Figure 4. Intrinsic DNA binding affinity differences for ETS1 and ELF1.

Full-length recombinant versions of the human ETS proteins ETS1 and ELF1 were purified from bacteria and assayed for affinity to radiolabeled oligonucleotides by gel-shift analysis. Datapoints represent the mean and standard error of the mean of two replicates for ETS1 and three replicates for ELF1. Each K_D was derived by curve fitting by nonlinear least-squares analysis of equilibrium binding curves with fraction of DNA bound  = 1/(1+ K_D/[ETS1]). The K_D of ETS1 and ELF1 for the ETS consensus sequence was 1.7×10⁻⁹ and 1.7×10⁻¹⁰ M, respectively. The fold decrease in affinity due to the A to T change, the C to A change, and the combination of both changes were 1.0, 1.5, and 2.4 for ETS1 and 3.6, 1.9, and 18.3 for ELF1, respectively.

Figure 5. ETS1/RUNX co-occupancy correlates with specific spacing of ETS and RUNX binding sites.

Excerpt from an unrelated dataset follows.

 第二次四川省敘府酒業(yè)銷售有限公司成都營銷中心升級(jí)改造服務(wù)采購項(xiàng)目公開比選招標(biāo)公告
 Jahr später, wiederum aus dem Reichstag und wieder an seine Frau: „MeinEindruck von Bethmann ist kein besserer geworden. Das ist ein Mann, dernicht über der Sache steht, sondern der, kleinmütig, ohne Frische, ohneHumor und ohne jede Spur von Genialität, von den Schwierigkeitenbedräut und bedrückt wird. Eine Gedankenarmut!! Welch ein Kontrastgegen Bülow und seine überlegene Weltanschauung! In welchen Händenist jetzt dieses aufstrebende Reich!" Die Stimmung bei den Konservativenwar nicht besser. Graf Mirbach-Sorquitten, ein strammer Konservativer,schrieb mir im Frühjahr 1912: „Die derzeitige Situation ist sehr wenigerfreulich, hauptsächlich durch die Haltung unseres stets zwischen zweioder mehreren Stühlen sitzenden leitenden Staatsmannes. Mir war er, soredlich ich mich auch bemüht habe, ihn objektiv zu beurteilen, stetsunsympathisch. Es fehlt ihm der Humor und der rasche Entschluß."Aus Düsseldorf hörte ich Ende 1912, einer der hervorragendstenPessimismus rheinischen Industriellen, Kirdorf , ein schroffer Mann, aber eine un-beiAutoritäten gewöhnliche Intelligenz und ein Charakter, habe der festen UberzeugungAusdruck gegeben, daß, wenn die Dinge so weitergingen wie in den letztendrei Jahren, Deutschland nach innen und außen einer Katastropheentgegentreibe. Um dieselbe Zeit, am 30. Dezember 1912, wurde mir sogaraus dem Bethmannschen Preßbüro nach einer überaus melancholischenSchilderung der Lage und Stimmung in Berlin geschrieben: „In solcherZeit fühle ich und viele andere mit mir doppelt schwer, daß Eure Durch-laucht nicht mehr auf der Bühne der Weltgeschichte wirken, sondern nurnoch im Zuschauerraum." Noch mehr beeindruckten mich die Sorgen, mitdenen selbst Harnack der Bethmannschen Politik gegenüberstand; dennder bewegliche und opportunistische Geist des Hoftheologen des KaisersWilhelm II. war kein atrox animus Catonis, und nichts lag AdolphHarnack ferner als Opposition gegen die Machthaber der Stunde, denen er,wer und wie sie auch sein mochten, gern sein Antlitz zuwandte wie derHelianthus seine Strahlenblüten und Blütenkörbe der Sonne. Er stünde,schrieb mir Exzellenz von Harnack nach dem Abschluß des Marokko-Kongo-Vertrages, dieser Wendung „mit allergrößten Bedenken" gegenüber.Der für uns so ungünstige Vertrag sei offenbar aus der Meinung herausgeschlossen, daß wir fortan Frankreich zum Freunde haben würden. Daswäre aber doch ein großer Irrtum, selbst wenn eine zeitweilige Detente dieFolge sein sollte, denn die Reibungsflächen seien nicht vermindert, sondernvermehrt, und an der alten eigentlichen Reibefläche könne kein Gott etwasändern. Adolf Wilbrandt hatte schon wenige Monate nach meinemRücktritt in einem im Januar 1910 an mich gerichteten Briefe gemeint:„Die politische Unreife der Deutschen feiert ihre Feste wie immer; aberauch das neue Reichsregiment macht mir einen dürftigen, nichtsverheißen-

(A) Overlap of ETS1/RUNX and GABPA/RUNX bound regions. The RUNX antibody was raised against the conserved DNA binding domain and does not differentiate between the homologous RUNX1 and RUNX3 proteins present in T cells (N. Speck unpublished observation). (B) Spacing of ETS and RUNX binding sites in ETS1/RUNX co-occupied regions. The 690 ETS1 bound regions that were co-occupied by RUNX were scanned for matches to the in vitro derived position weight matrixes for ETS1 (M00032) and RUNX (M00271) from the Transfac database (http://www.biobase-international.com/index.php?id=transfac). For each ETS1 sequence found, the distance to all forward oriented RUNX sequences in the same region were determined such that a RUNX site 5′ to an ETS site in the orientation CCGGAAGT was negative and 3′ was positive. A similar mapping of RUNX sites in the reverse orientation returned no spacing frequencies higher than five. The prominent peak at a spacing of five bp correlates with the spacing and orientation in the composite sequence CAGGATGTGGT, from Motif 4 (Figure 3).

Figure 6. Distinct properties of promoters and enhancers occupied by ETS1.

(A) Factor or histone modification positions were plotted as a class average across redundant promoters (left) or ETS1 occupied enhancers (right). At redundant promoters, the occupancy profiles of ETS1, GABPA, CBP, H3K4 tri-methyl, and Motif 1 were plotted from the center of each occupied region to the nearest RefSeq TSS. At ETS1-occupied enhancers, the occupancy profiles of RUNX1, CBP, H3K4 mono-methyl, and Motif 4 were plotted with respect to the center of the ETS1 bound region. For each factor, histone modification, or motif, a histogram of 30 bp bins was generated to represent the frequency of occupancy for each distance. The number of occurrences at each distance was normalized to the total number of regions with an occurrence of each factor, histone modification, or motif. A vertical line indicates the zero position of each chart (TSS or center of ETS1 bound region). (B) Protein immunoblot of Jurkat whole cell extracts with the ETS1 antibody. Lane 1, no shRNA; Lane 2, negative control shRNA targeting luciferase; Lanes 3 and 4, two independent shRNAs (A and B) targeting ETS1. The two bands apparent in Lanes 1 and 2 are consistent with the 51 and 42 kDa splicing isoforms of ETS1. (C) ETS1, CBP, and RUNX ChIP enrichment at the TCRβ enhancer and the RPS26 promoter. The shRNAs were expressed in Jurkat T cells prior to ChIP, as indicated. Two independent biological replicates provided similar patterns, but different maximum levels of enrichment. A representative experiment is shown. Primer sequences used are provided in Table S3.